Posted October 31, 2011 By John C Wright

http://www.pjstar.com/news/x2075437708/Catholic-Charities-of-Peoria-withdrawing-from-state-foster-care-contracts

h/t Mark Shea

The Peoria-based Catholic Charities is the largest of four Catholic Charities agencies that sued the state after civil unions were legalized in June. Catholic Charities in Springfield, Belleville and Joliet are appealing the latest judicial decision regarding state contracts.

DCFS did not renew their contracts after the agencies, based on religious convictions, refused to recognize the new civil unions law. The state said their refusal discriminated against same-sex couples.

Catholic Charities in Peoria, Springfield, Belleville and Joliet filed suit, maintaining they had property rights and a religious exemption. They argued they should have the contracts and be allowed to continue their long-standing practice of referring unmarried couples, including same-sex couples, to other agencies.

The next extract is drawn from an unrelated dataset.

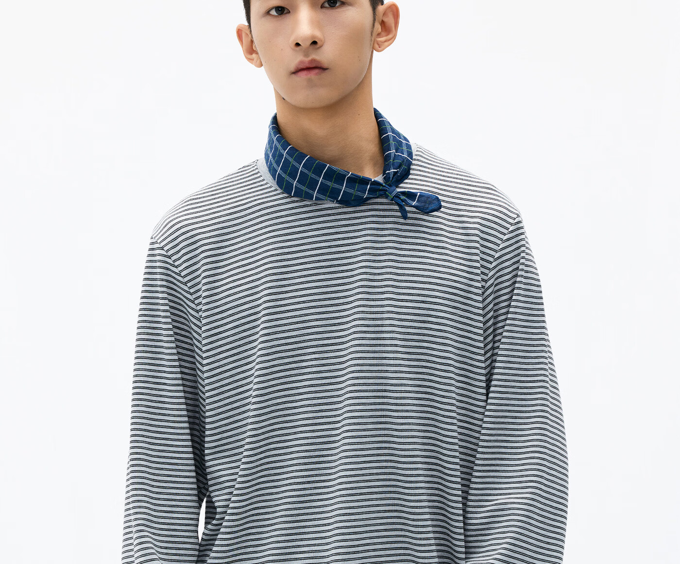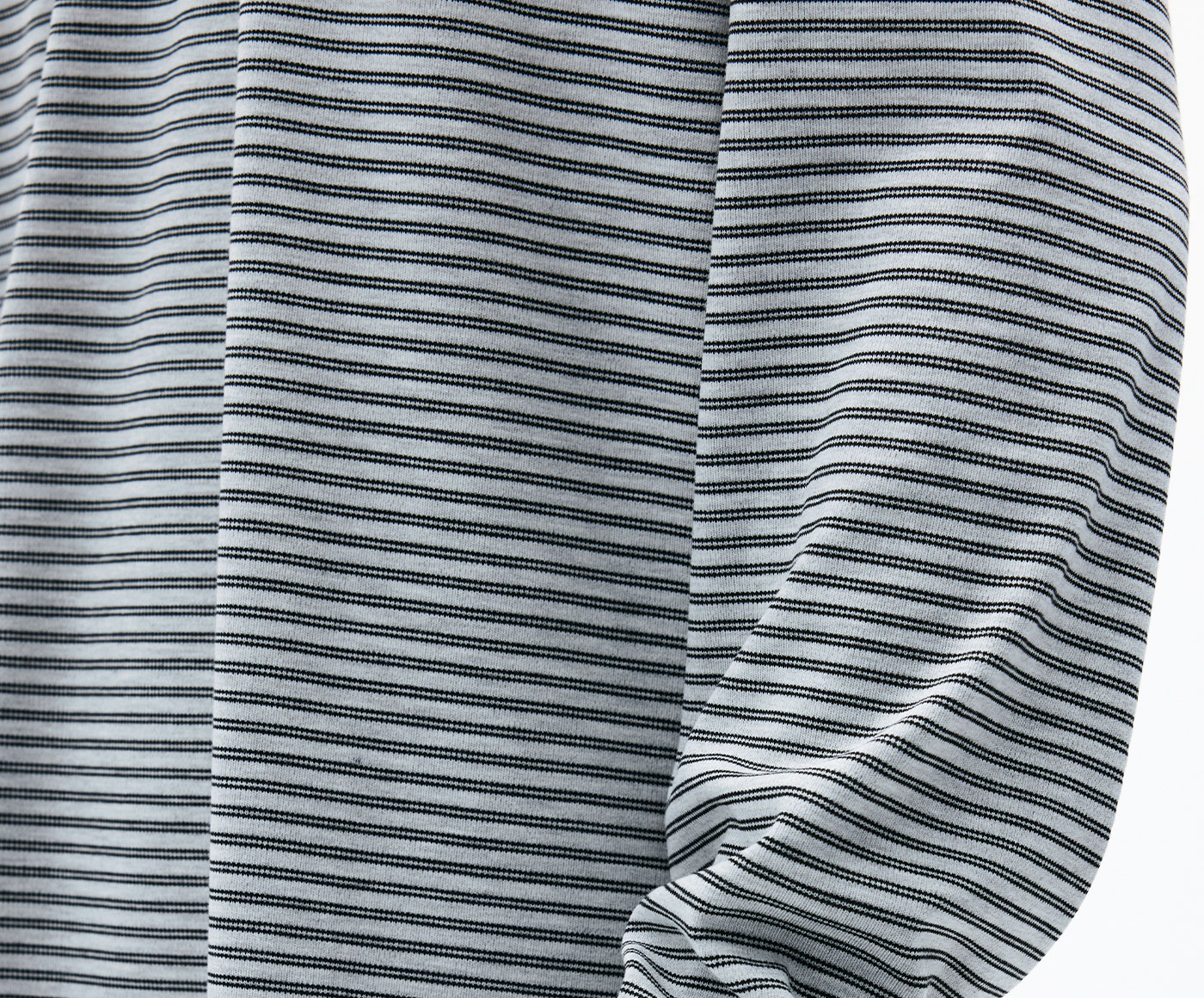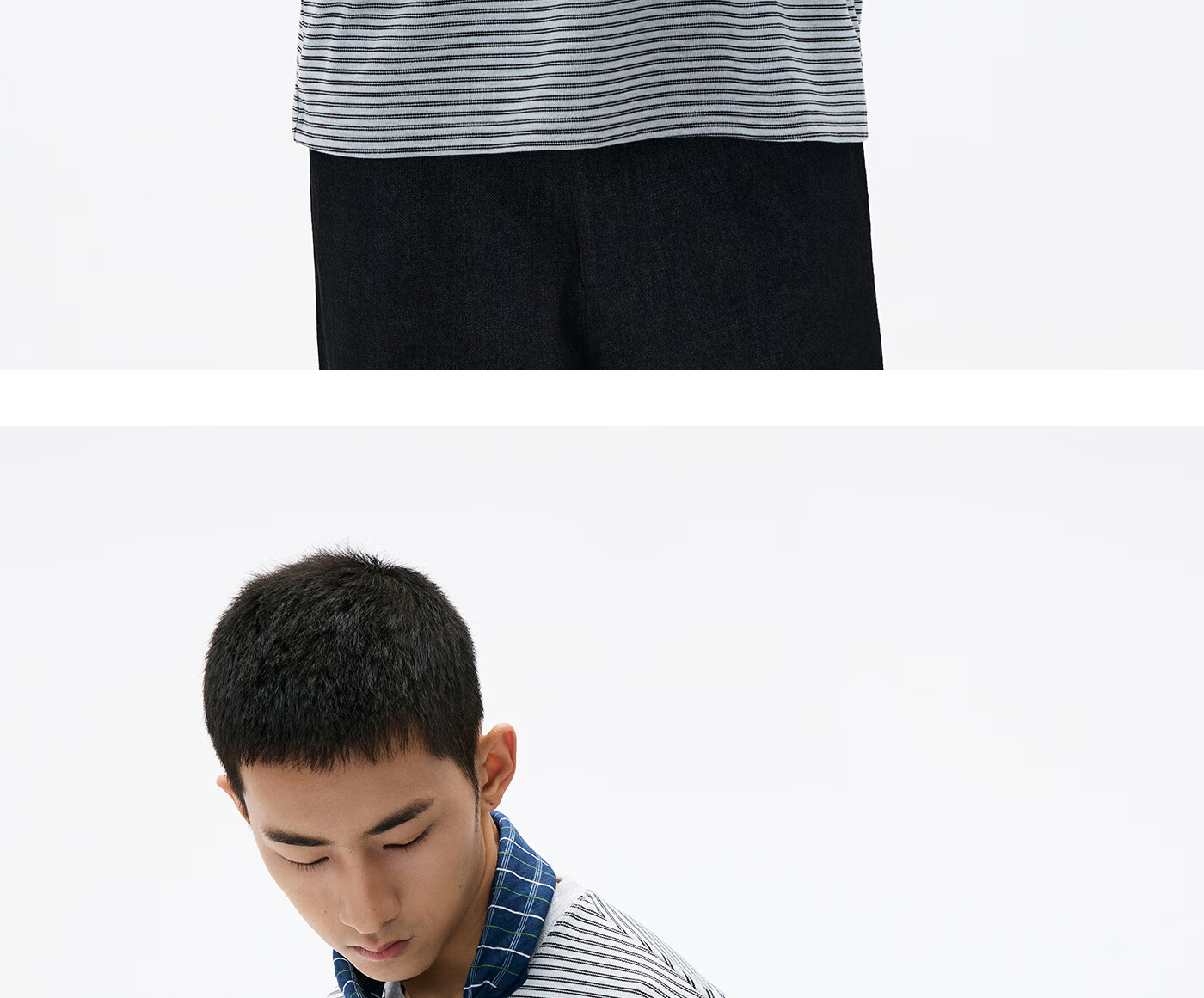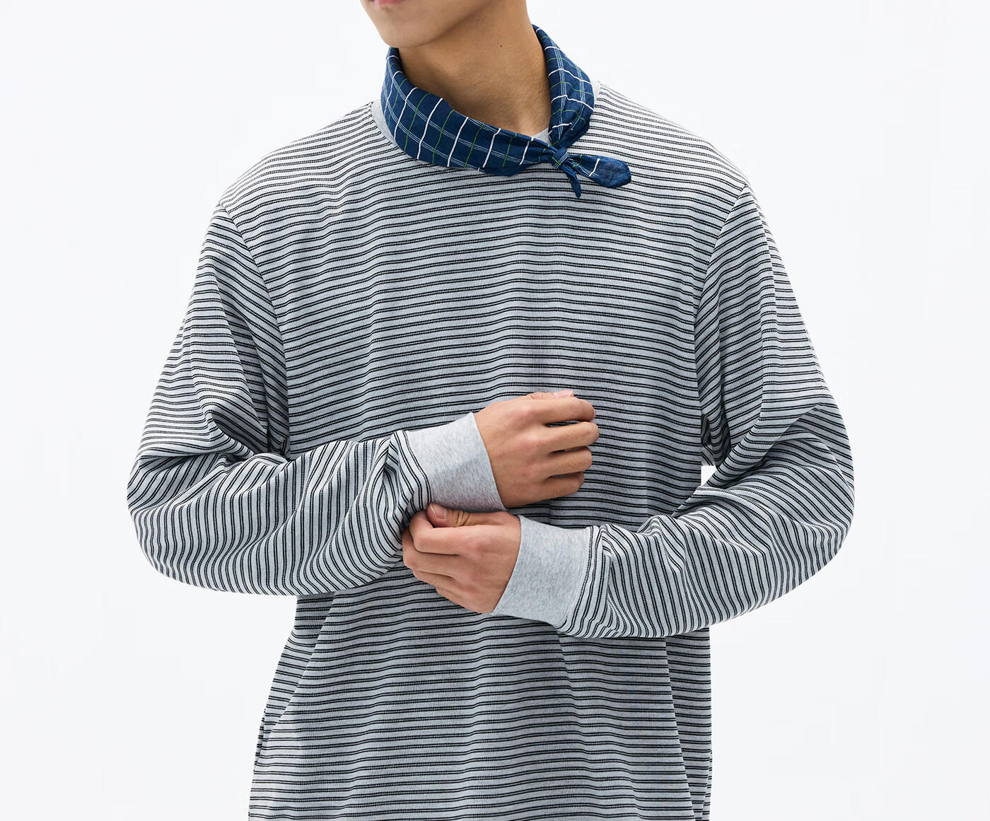 熊猫·本(ben.panda)撞色细条纹圆领长袖T恤男款高弹宽松休闲上衣2026春季 灰色条纹 S

Catholic Charities of Peoria first signaled the possibility of withdrawing from the lawsuit last week after a Sangamon County Circuit judge ruled, for a second time, that the faith-based agencies do not have an automatic legal right to a state contract.

Attorneys for the Thomas More Society, a Catholic legal advocacy group that is arguing the cases pro bono, vowed an appeal on behalf of the four agencies. But Patricia Gibson, chancellor and general counsel for the Catholic Diocese of Peoria hesitated to say flat out that the Peoria diocese would appeal.

The news article does not estimate how many orphaned children will be denied homes or foster homes due to this debacle.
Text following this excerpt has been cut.